» Task details
The copy should run from the line containing "This weatherproof tool" through the last line of the entries below, exactly as written, with pictures omitted.
[Material for this task]
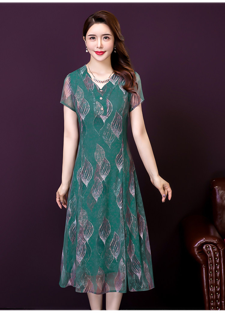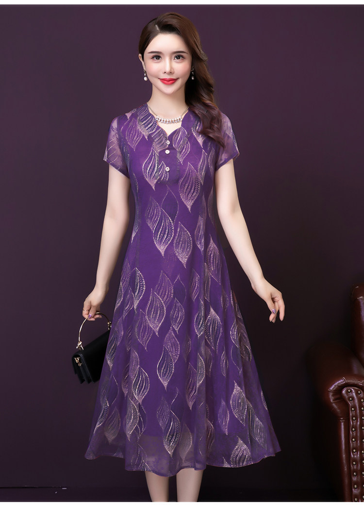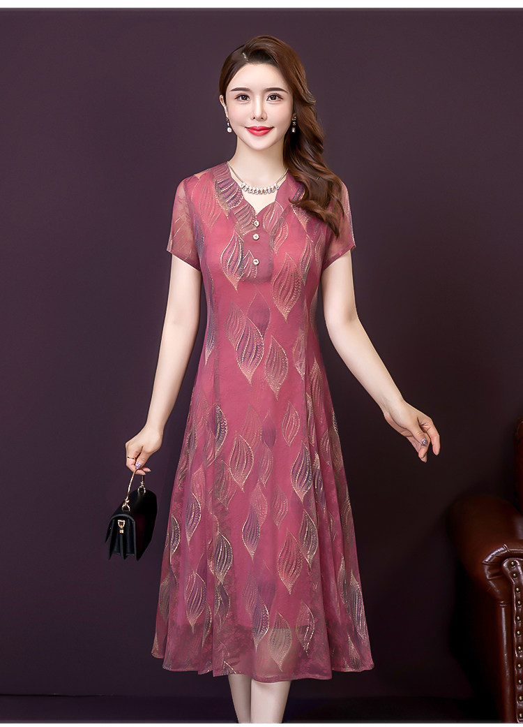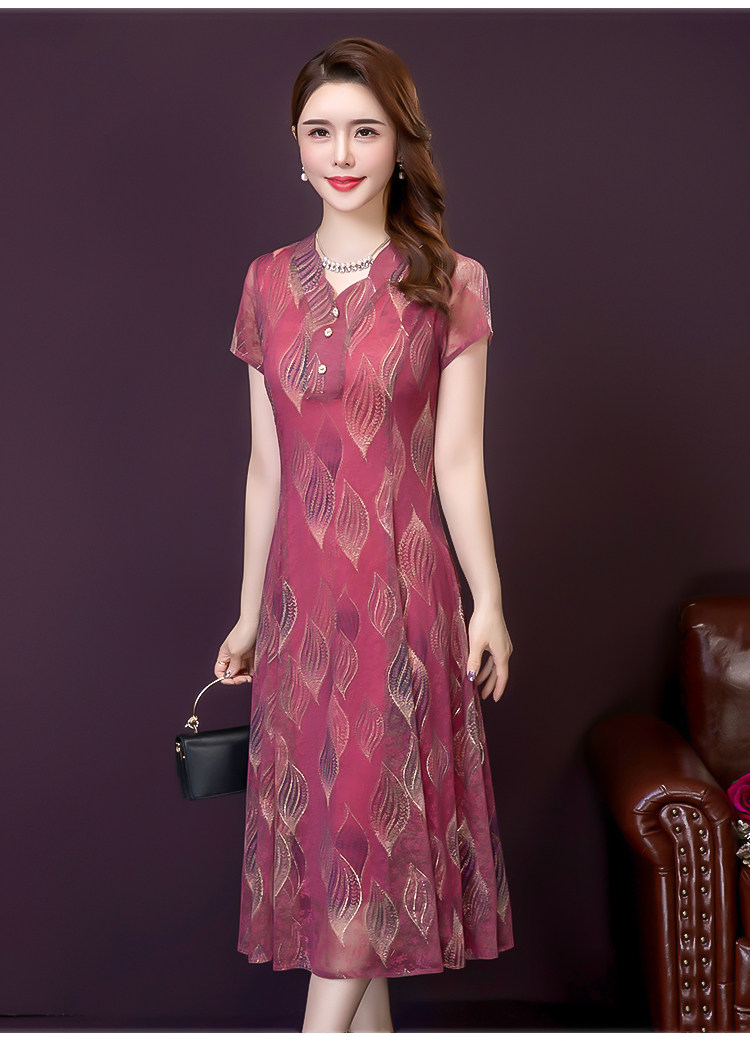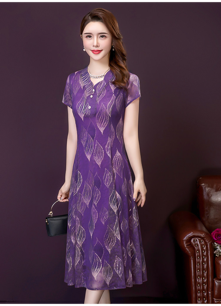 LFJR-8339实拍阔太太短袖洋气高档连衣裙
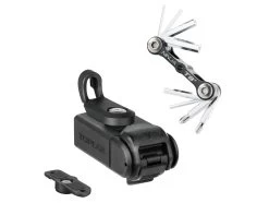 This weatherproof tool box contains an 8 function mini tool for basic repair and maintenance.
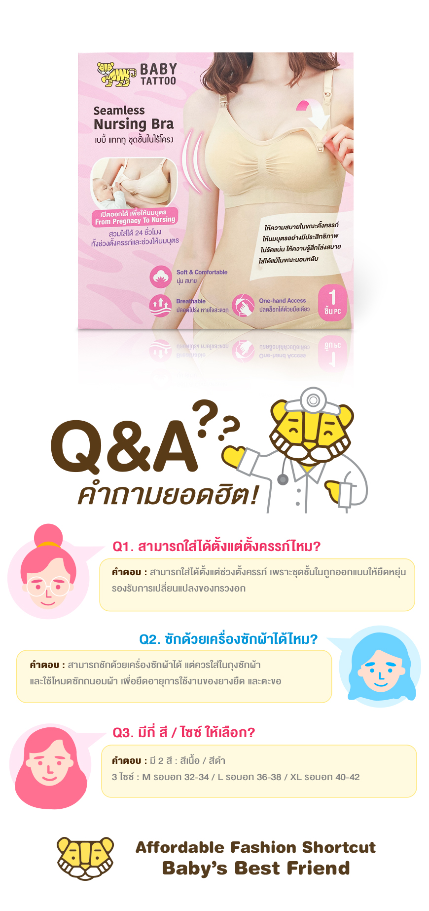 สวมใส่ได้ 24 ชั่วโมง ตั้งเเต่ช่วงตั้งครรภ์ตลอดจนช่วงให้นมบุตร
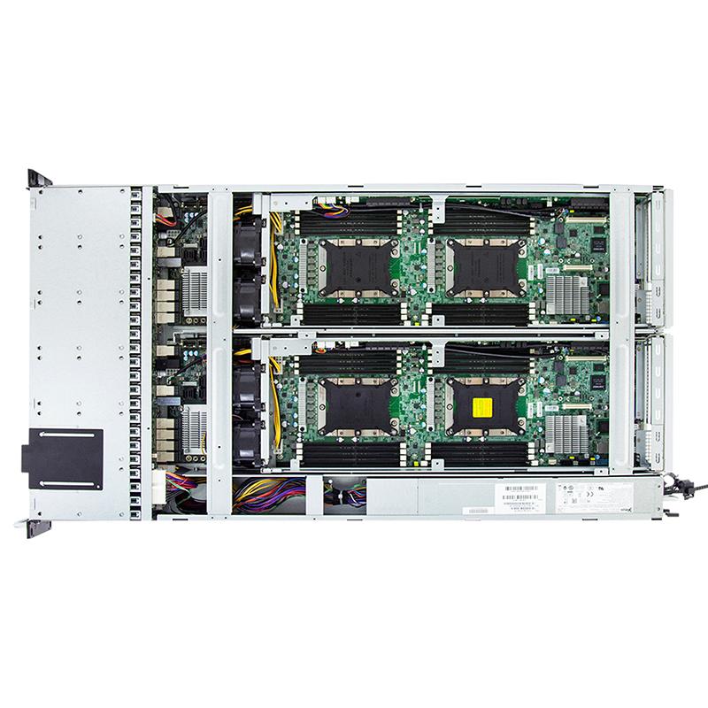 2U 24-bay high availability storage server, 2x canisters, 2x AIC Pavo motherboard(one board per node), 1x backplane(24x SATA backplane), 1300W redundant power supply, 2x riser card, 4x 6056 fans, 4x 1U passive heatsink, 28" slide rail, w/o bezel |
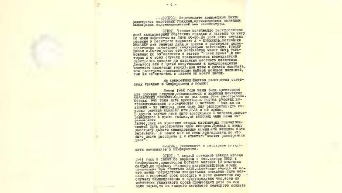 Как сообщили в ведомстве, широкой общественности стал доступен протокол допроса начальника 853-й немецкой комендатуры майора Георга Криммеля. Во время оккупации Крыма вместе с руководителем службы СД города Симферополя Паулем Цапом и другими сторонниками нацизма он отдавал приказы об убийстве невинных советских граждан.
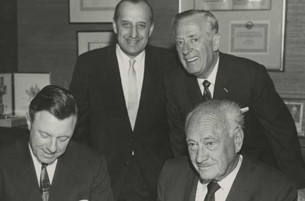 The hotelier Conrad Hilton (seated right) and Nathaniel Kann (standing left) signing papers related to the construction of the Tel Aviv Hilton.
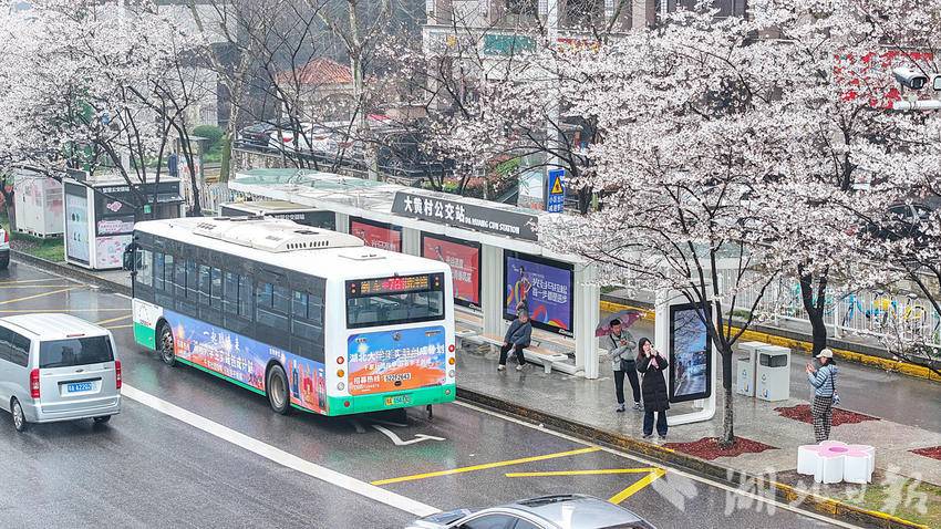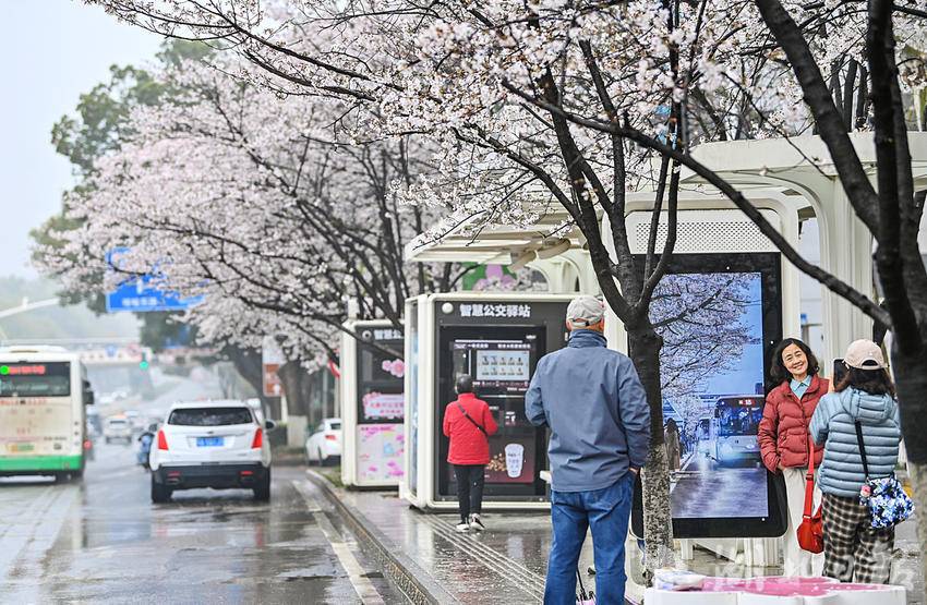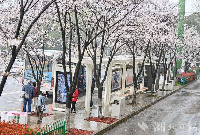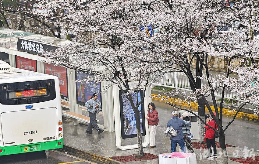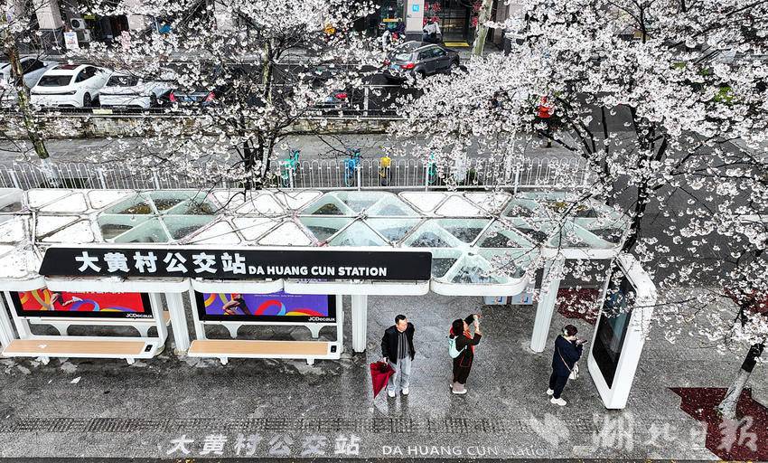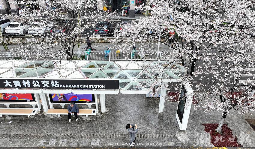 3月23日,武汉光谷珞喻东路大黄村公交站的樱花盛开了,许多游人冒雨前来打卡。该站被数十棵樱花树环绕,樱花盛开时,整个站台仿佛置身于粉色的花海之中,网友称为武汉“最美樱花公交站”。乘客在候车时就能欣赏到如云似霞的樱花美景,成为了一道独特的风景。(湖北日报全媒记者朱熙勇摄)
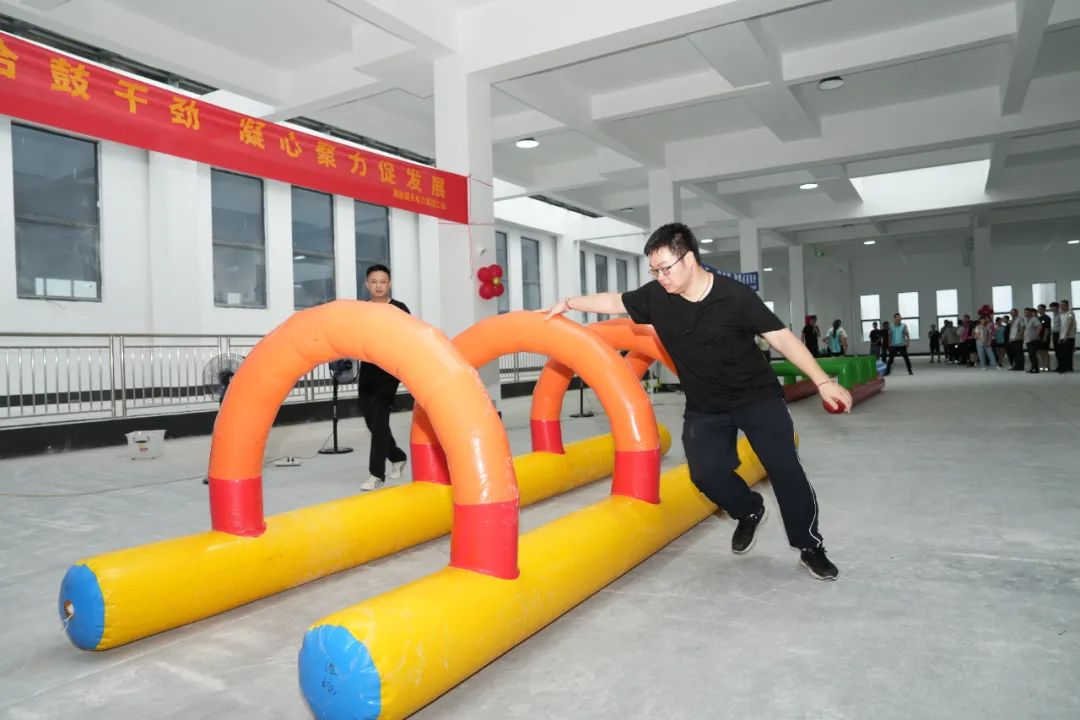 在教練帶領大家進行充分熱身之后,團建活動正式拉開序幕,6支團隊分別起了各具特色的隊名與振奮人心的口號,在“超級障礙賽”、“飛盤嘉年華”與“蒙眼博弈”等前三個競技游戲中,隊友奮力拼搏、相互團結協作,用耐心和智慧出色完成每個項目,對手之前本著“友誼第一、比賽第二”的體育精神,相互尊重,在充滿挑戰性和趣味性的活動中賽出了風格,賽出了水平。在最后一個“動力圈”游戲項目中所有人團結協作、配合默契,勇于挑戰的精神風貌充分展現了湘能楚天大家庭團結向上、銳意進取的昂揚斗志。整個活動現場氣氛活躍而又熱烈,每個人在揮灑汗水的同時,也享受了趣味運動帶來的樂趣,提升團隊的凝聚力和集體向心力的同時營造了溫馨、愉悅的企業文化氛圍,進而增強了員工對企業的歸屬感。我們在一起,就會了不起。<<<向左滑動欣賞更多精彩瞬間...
[/Material for this task]
» Answer box
 This weatherproof tool box contains an 8 function mini tool for basic repair and maintenance.
 สวมใส่ได้ 24 ชั่วโมง ตั้งเเต่ช่วงตั้งครรภ์ตลอดจนช่วงให้นมบุตร
 2U 24-bay high availability storage server, 2x canisters, 2x AIC Pavo motherboard(one board per node), 1x backplane(24x SATA backplane), 1300W redundant power supply, 2x riser card, 4x 6056 fans, 4x 1U passive heatsink, 28" slide rail, w/o bezel |
 Как сообщили в ведомстве, широкой общественности стал доступен протокол допроса начальника 853-й немецкой комендатуры майора Георга Криммеля. Во время оккупации Крыма вместе с руководителем службы СД города Симферополя Паулем Цапом и другими сторонниками нацизма он отдавал приказы об убийстве невинных советских граждан.
 The hotelier Conrad Hilton (seated right) and Nathaniel Kann (standing left) signing papers related to the construction of the Tel Aviv Hilton.
 3月23日,武汉光谷珞喻东路大黄村公交站的樱花盛开了,许多游人冒雨前来打卡。该站被数十棵樱花树环绕,樱花盛开时,整个站台仿佛置身于粉色的花海之中,网友称为武汉“最美樱花公交站”。乘客在候车时就能欣赏到如云似霞的樱花美景,成为了一道独特的风景。(湖北日报全媒记者朱熙勇摄)
 在教練帶領大家進行充分熱身之后,團建活動正式拉開序幕,6支團隊分別起了各具特色的隊名與振奮人心的口號,在“超級障礙賽”、“飛盤嘉年華”與“蒙眼博弈”等前三個競技游戲中,隊友奮力拼搏、相互團結協作,用耐心和智慧出色完成每個項目,對手之前本著“友誼第一、比賽第二”的體育精神,相互尊重,在充滿挑戰性和趣味性的活動中賽出了風格,賽出了水平。在最后一個“動力圈”游戲項目中所有人團結協作、配合默契,勇于挑戰的精神風貌充分展現了湘能楚天大家庭團結向上、銳意進取的昂揚斗志。整個活動現場氣氛活躍而又熱烈,每個人在揮灑汗水的同時,也享受了趣味運動帶來的樂趣,提升團隊的凝聚力和集體向心力的同時營造了溫馨、愉悅的企業文化氛圍,進而增強了員工對企業的歸屬感。我們在一起,就會了不起。<<<向左滑動欣賞更多精彩瞬間...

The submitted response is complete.